Further down are entries; set down exactly and only the lines from the one with "Naïda est entièrement" up to and including the one with "2 sandströare höjd", dropping each picture.
INPUT FOR THIS TASK Start Marker
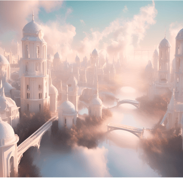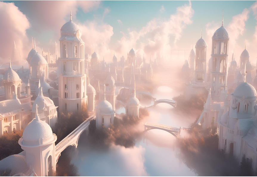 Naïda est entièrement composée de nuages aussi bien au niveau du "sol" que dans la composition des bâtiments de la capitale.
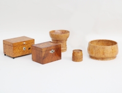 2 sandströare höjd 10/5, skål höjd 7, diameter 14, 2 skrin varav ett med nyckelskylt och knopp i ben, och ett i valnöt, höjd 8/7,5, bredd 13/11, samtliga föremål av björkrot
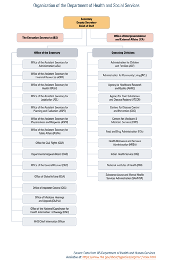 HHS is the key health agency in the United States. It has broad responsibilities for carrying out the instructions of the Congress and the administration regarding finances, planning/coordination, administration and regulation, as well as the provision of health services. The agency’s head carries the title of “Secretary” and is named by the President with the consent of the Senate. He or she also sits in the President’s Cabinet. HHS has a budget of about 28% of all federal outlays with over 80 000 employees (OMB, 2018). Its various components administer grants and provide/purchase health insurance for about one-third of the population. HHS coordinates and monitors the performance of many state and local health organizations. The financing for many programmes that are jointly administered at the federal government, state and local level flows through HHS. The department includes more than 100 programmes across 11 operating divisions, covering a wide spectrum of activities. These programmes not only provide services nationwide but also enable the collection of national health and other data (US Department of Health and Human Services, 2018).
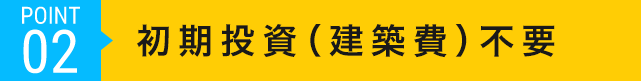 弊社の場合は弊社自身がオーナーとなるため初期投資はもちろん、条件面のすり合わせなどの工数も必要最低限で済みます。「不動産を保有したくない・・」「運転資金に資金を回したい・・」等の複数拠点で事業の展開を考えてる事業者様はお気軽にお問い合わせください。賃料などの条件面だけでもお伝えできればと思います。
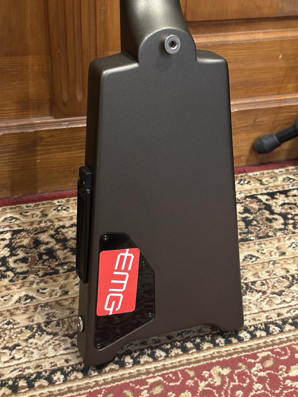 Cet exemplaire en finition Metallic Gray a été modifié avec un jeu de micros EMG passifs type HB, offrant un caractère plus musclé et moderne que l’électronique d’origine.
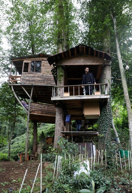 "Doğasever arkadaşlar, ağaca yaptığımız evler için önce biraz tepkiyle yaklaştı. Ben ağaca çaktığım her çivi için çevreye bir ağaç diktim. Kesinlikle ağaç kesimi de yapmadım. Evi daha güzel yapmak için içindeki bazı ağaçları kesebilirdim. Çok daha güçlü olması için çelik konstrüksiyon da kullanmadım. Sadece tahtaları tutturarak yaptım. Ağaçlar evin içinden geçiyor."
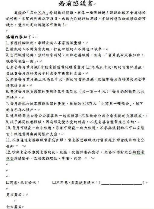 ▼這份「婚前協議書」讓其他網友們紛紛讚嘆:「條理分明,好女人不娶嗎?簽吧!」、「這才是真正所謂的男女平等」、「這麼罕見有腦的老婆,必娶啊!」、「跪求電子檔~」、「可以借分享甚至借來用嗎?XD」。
INPUT FOR THIS TASK End Marker
INPUT FOR THIS TASK Start Marker
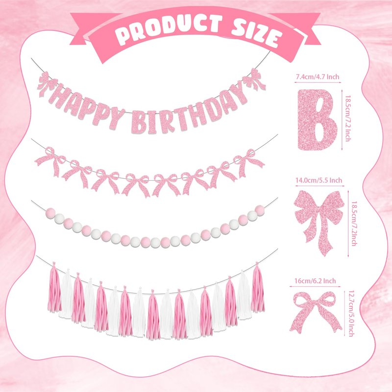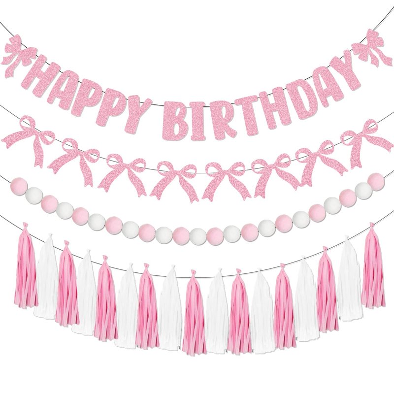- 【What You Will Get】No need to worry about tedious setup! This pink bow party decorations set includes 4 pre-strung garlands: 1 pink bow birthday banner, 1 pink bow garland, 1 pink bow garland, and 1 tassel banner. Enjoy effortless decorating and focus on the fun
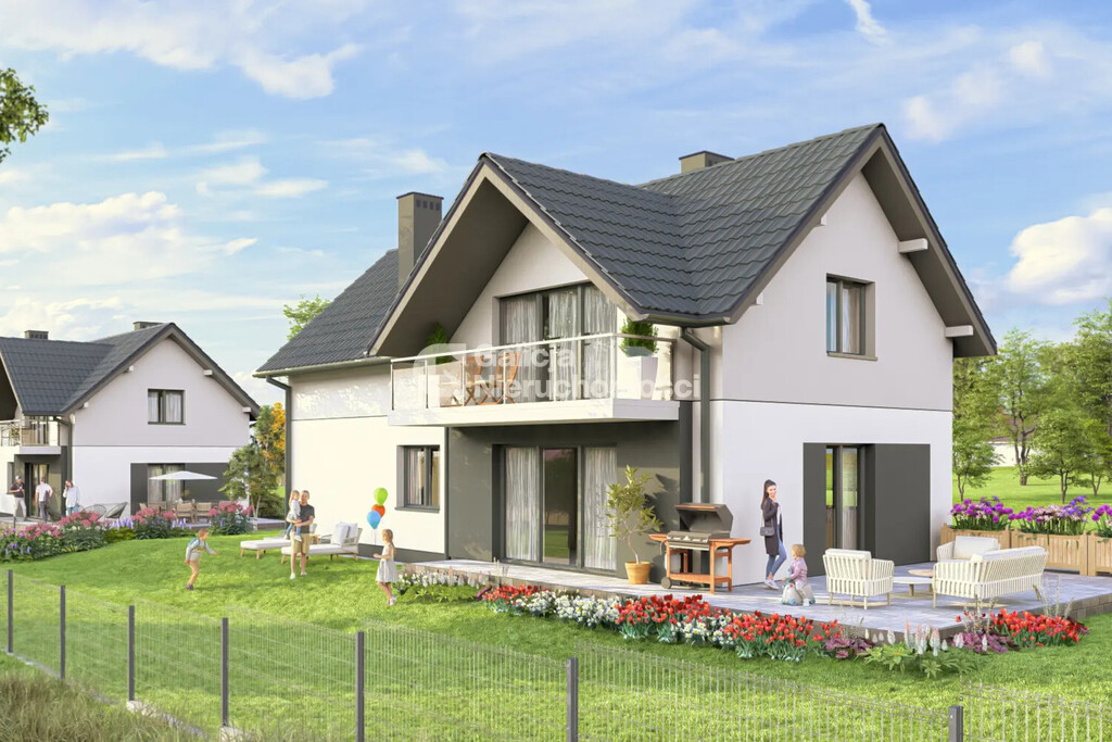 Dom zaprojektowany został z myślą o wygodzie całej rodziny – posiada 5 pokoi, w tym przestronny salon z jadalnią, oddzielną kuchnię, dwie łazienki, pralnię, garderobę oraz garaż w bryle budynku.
INPUT FOR THIS TASK End Marker
◆ TASK RESULT:
 Naïda est entièrement composée de nuages aussi bien au niveau du "sol" que dans la composition des bâtiments de la capitale.
 2 sandströare höjd 10/5, skål höjd 7, diameter 14, 2 skrin varav ett med nyckelskylt och knopp i ben, och ett i valnöt, höjd 8/7,5, bredd 13/11, samtliga föremål av björkrot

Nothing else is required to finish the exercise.